Twintig is ze pas, maar sinds ze op haar zeventiende op het gymnasium een profielwerkstuk maakte over waterschaarste, doet Van Oenen onderzoek naar de natuurlijke oplossingen voor watertekorten. “Die technieken hebben miljarden jaren aan evolutie overleefd, zijn supergoed en effectief en in harmonie met hun omgeving”, zegt ze.
Zoutminnende algen
Haar technologische innovatie heet Algaenius. Die werkt met zogeheten halofiele algen. Dat zijn zoutminnende zeewater-algen die 70 tot 90 procent van het zout uit water halen. Hoe warmer het is, hoe hoger het percentage. Naar het gebruik ervan bij het ontzilten van zout water is al vaker onderzoek gedaan. De technologie is bewezen, maar wordt nog niet in de praktijk toegepast. Van Oenen zoekt nog een medeoprichter om samen een bedrijf te starten dat grote installaties gaat bouwen. Daarin kunnen de algen op grote schaal water op een natuurlijke manier ontzilten. Hoe dat eruit ziet in de praktijk? “Het zal lijken op de grote bassins bij rioolzuiveringsinstallaties van waterschappen”, zegt ze.
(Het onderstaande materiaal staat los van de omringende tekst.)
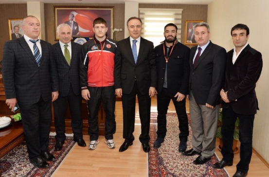 Erzurum'da, güreşte bronz madalya kazanarak ülkemizi onurlandıran Murat Ertürk ve Judo Grand Prix’te gümüş madalya elde eden Hasan Vanlı, Vali Altıparmak tarafından makamında kabul edildi. Vali, her iki sporcuyu altın ile ödüllendirerek başarılarından dolayı tebrik etti. Erzurum, birçok spor dalında elde ettiği başarılarla dikkat çekerken, Murat Ertürk'ün Polonya'da düzenlenen U23 Yaş Serbest Güreş Avrupa Şampiyonası’nda 74 kiloda bronz madalya kazanması ve Hasan Vanlı'nın Samsun'daki Judo Grand Prix Turnuvası'nda ikinci olması, kentin spor alanındaki başarısını pekiştirdi. Ayrıca, Erzurum Gençlik Hizmetleri ve Spor İl Müdürü Fuat Taşkesenligil ile diğer yetkililer de sporcuları tebrik etti. Vali Altıparmak, sporcuların gelecekte Avrupa, Dünya ve Olimpiyatlarda şampiyonluk kürsüsüne çıkacaklarına inandığını belirtti.

Vicieuze cirkel doorbreken
De meeste landen in Azië, Afrika en het Midden-Oosten gebruiken omgekeerde osmose om water te ontzilten. Deze techniek is niet zo efficiënt. Uit vier liter zeewater maken die waterfabrieken ongeveer een liter schoon water, waar met allerlei toevoegingen drinkwater van wordt gemaakt. Bovendien kost de membraantechniek veel energie en stoot het relatief veel CO2 uit. “Ik vond het altijd zo bijzonder als je kijkt hoe dat werkt. Dat soort technologieën zorgen ervoor dat we in een soort vicieuze cirkel komen”, zegt Van Oenen. “Er is teveel CO2 in de lucht. Daardoor warmt het klimaat op, hebben we meer droogte en dus watertekort, en dat lossen we weer op met technologieën die meer CO2 uitstoten. Eigenlijk moet je dus iets bedenken om die cyclus te doorbreken. Iets dat die laatste stap stopt. Dus niet alleen klimaatadaptatie, maar ook klimaatmitigatie. Deze algen nemen juist CO2 op en stoten zuurstof uit. Dat is dus eigenlijk een vorm van carbon capture.”